I bet you end up with the plumpest, happiest flowers. Easing in to a flush and jumping in to one are effectively the same thing. One is a whole lot more confusing to the plant. The other is much more nurturing. As I said before, the goal is to promote catabolism near the end of your plants life, so "flushing" is necessary. I just think it's gone about ALL wrong. There's no reason to wait until the last minute and then shock a plant in to dying. Ease in to it, and thank me later :)
Ah, you see? This is exactly why I started a journal here. Gaining knowledge. Props.
 

lordjin

Well-Known Member
So I got up on a chair all high (in more ways than one :-D) to get you some pulled-back aerial shots. As you can see, it's getting even uglier, more gnarly, thicker by the day. Explosive.

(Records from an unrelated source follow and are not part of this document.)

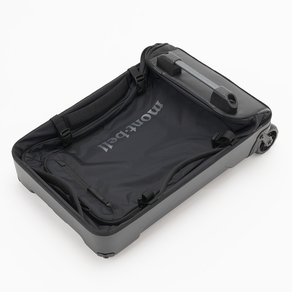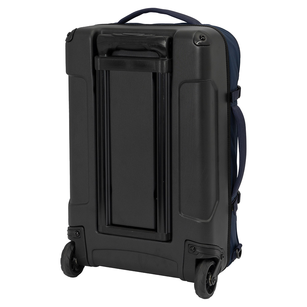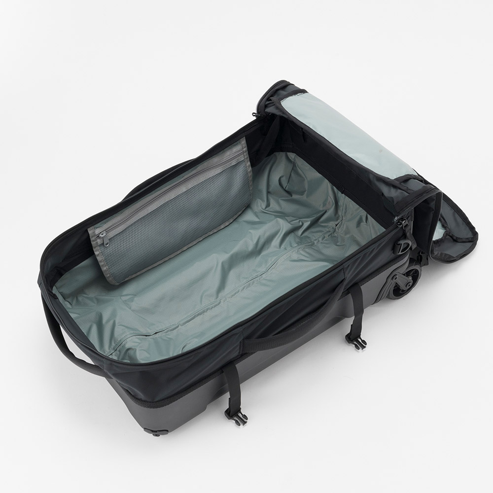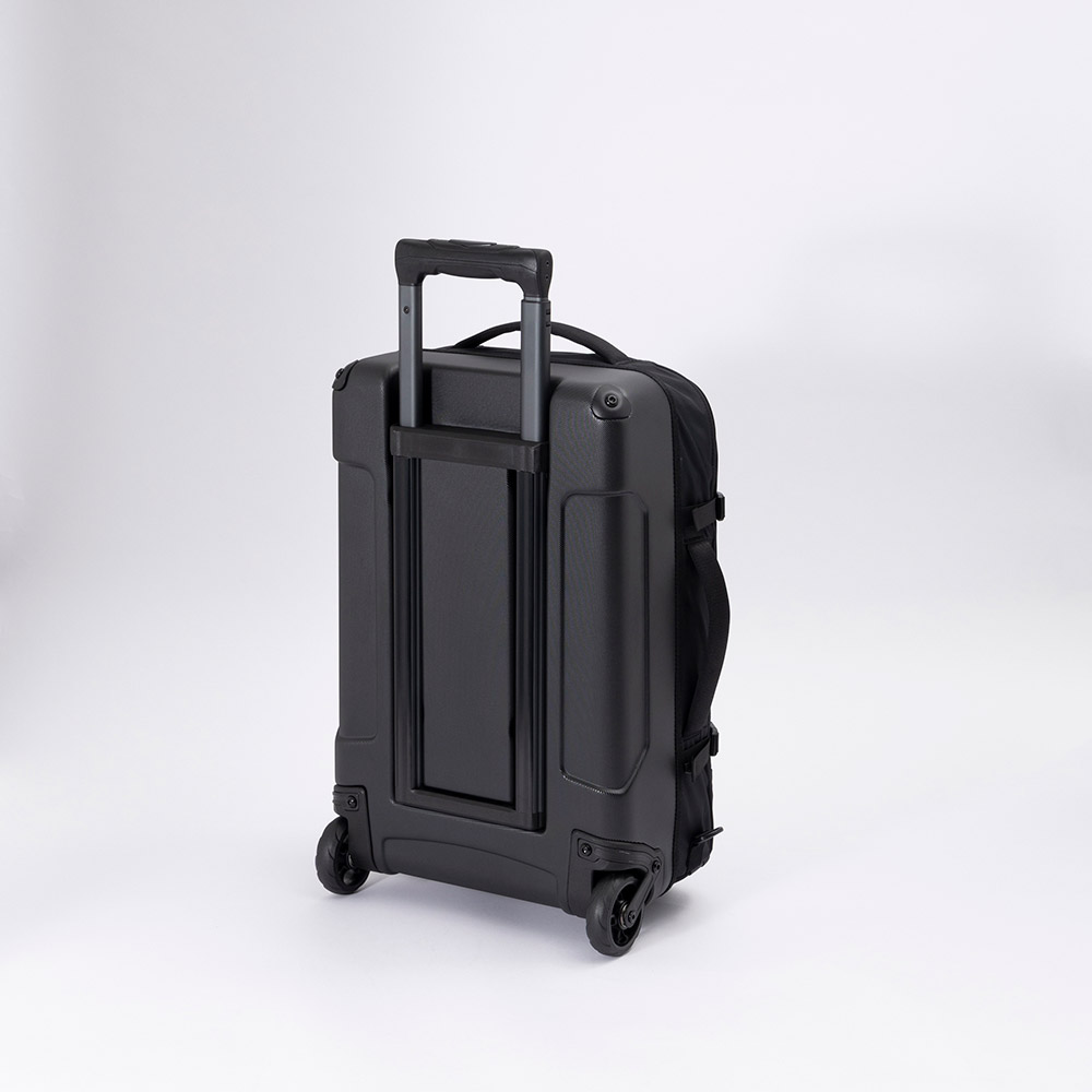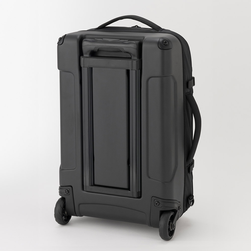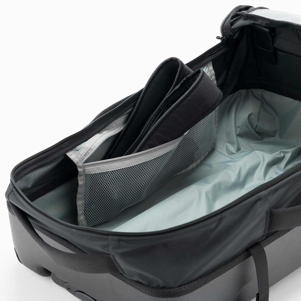 軽量ながら高い強度を備え、荷物が多い時にも安定して引くことができる、2輪のキャスター付きトラベルバッグです。ハンドル、キャスターと一体になった、剛性の高いバックパネルに、軽量で耐久性に優れた生地を組み合わせた構造。使用しない時は厚みを薄くし、コンパクトに折り畳むことができます。別売りのウィーリーバッグ ショルダーハーネスを取り付けて背負うこともできます。
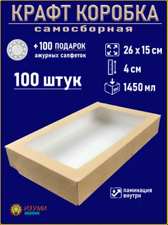 Коробка с окном 26 х 15 х 4 см - 100 штук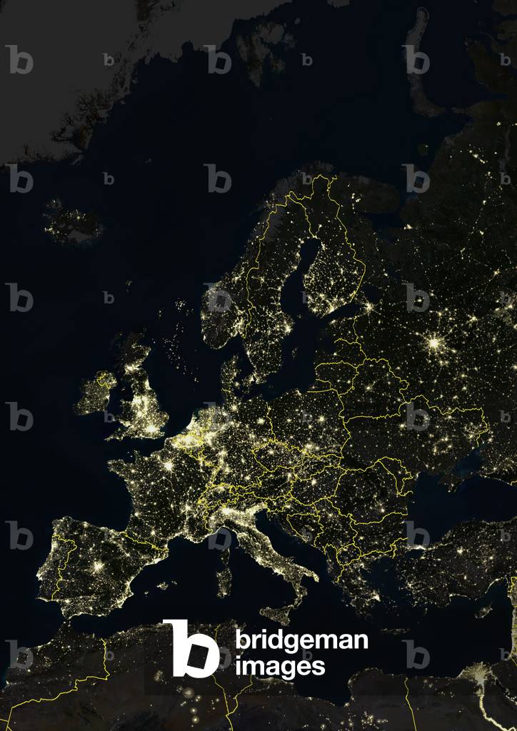 UIG520929 True colour satellite image of Europe at night with country borders. This image in Lambert Conformal Conic projection was compiled from data acquired by LANDSAT 5 & 7 satellites.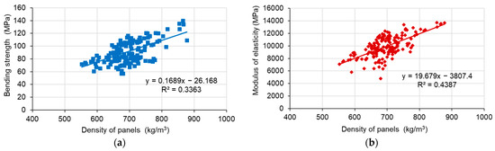 Figure 5 shows the linear dependence of the MOR and MOE of plywood samples on their density. These dependences were not strong, which indicates that, in addition to density, other factors, such as the veneer thickness, species and type and amount of adhesive used, affected the MOR and MOE. In another work [39], it was also observed that the MOR and MOE of plywood panels made from densified and non-densified veneers increased when the density increased.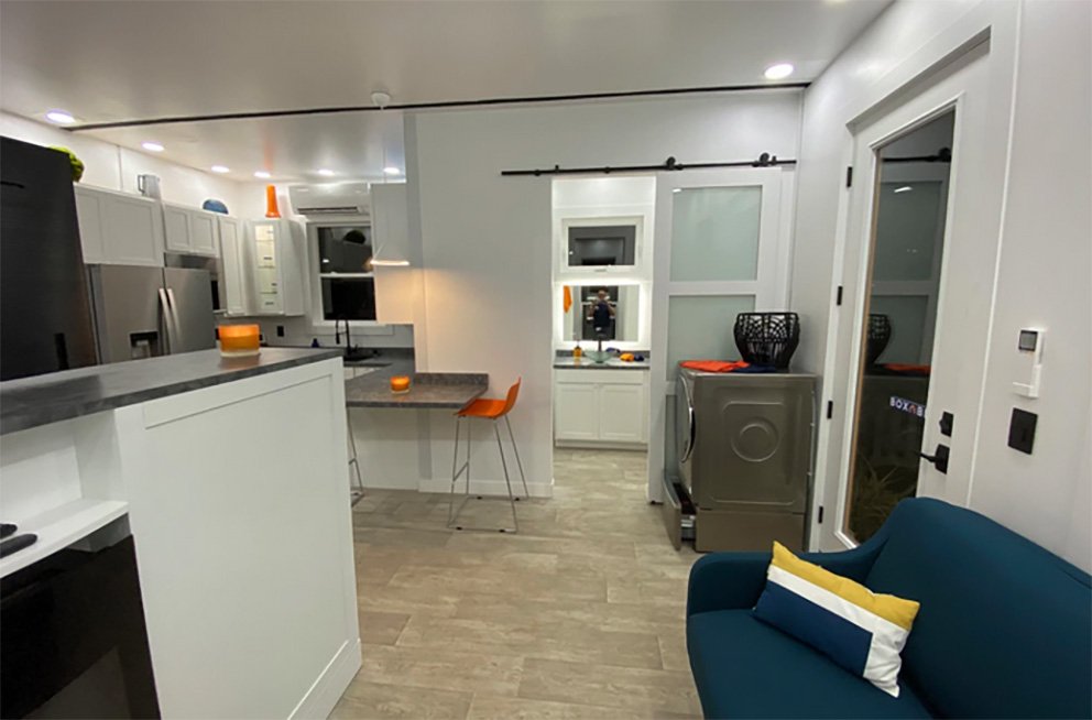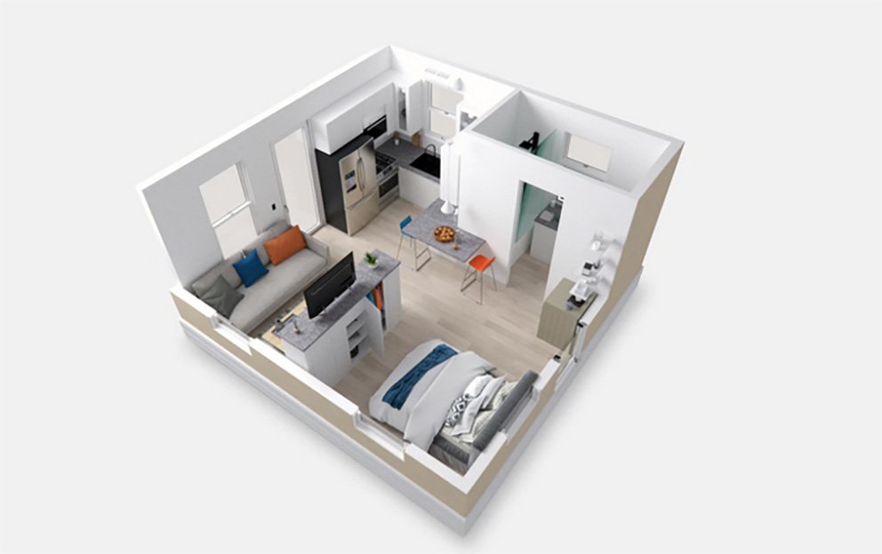 38제곱미터의 모듈러 하우스는 '작은 집'을 컨셉으로 설계되었습니다. Boxabl이 디자인한 집은 거실, 화장실, 침대, 주방으로 구성되어 있습니다.

I love OG's because they're easy to trim come harvest time. Look how easy these look to trim.
 

sleezy1

Well-Known Member
So I got up on a chair all high (in more ways than one :-D) to get you some pulled-back aerial shots. As you can see, it's getting even uglier, more gnarly, thicker by the day. Explosive.








I love OG's because they're easy to trim come harvest time. Look how easy these look to trim.
EXPLOSION! you definitely win! Way fatter than my buds! I think your going to yield about a pound.
 

lordjin

Well-Known Member
EXPLOSION! you definitely win! Way fatter than my buds! I think your going to yield about a pound.
It's not about winning or losing, but more about the sweetness of medicating on bud you nurtured with your own hands. In that sense we all win.

Thanks. Hey, I'm actually high on a free joint. Anyways, yeah, I have high hopes for yield. The dry leaves pushing against each other are pretty much all that's keeping them upright at this point. Pretty heavy.